Institute of Mathematics and Computer Science, University of Southern Denmark, Odense, Denmark.
Department of Experimental Bioinformatics, TUM School of Life Sciences Weihenstephan, Technical University of Munich, Munich, Germany.
Nat Protoc. 2018 Jun;13(6):1429-1444. doi: 10.1038/nprot.2018.038. Epub 2018 May 24.

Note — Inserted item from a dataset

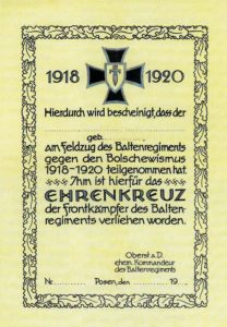участие в мировой войне или в послевоенной борьбе, дозволены к ношению только: Железный Роланд, Силезский знак за заслуги (Силезский орел) и Балтийский крест. Все остальные знаки, как-то: Фландрский крест, Лангемаркский крест, правительственные памятные кресты, знаки пограничной охраны и добровольческих корпусов, полевой знак почета, боевой щит и т.д. носить не дозволяется.

Clustering is a popular technique for discovering groups of similar objects in large datasets. It is nowadays applied in all areas of life sciences, from biomedicine to physics. However, designing high-quality cluster analyses is a tedious and complicated task with manifold choices along the way. As a cluster analysis is often the first step of a succeeding downstream analysis, the clustering must be reliable, reproducible, and of the highest quality. To address these challenges, we recently developed ClustEval, an integrated and extensible platform for the automated and standardized design and execution of complex cluster analyses. It allows researchers to design and carry out cluster analyses involving a large number of clustering methods applied to many, large datasets. ClustEval helps to shed light on all major aspects of cluster analysis, from choosing the right similarity function to using validity indices and data preprocessing protocols. Only this high degree of automation allows the researcher to easily run a clustering task with many different tools, parameters, and settings in order to gain the best possible outcome. In this paper, we guide the user step by step through three fundamentally important and widely applicable use cases: (i) identification of the best clustering method for a new, user-given protein sequence similarity dataset; (ii) evaluation of the performance of a new, user-given clustering method (densityCut) against the state of the art; and (iii) prediction of the best method for a new protein sequence similarity dataset. This protocol guides the user through the most important features of ClustEval and takes ∼4 h to complete.
聚类是一种在大型数据集发现相似对象的常用技术。如今,它已应用于生命科学的各个领域,从生物医学到物理学。然而,设计高质量的聚类分析是一项繁琐而复杂的任务,需要沿着许多路径做出多种选择。由于聚类分析通常是后续下游分析的第一步,因此聚类必须是可靠的、可重现的,且质量最高的。为了解决这些挑战,我们最近开发了 ClustEval,这是一个集成和可扩展的平台,用于自动化和标准化复杂聚类分析的设计和执行。它允许研究人员设计和执行涉及大量聚类方法的聚类分析,并将其应用于许多大型数据集。ClustEval 有助于阐明聚类分析的所有主要方面,从选择正确的相似性函数到使用有效性指数和数据预处理协议。只有这种高度的自动化才能使研究人员能够轻松地使用许多不同的工具、参数和设置运行聚类任务,以获得最佳的结果。在本文中,我们逐步指导用户完成三个非常重要且广泛适用的用例:(i)为新的用户给定蛋白质序列相似性数据集识别最佳聚类方法;(ii)评估新的用户给定聚类方法(densityCut)与现有方法的性能;以及 (iii)预测新蛋白质序列相似性数据集的最佳方法。该方案指导用户了解 ClustEval 的最重要特征,大约需要 4 小时完成。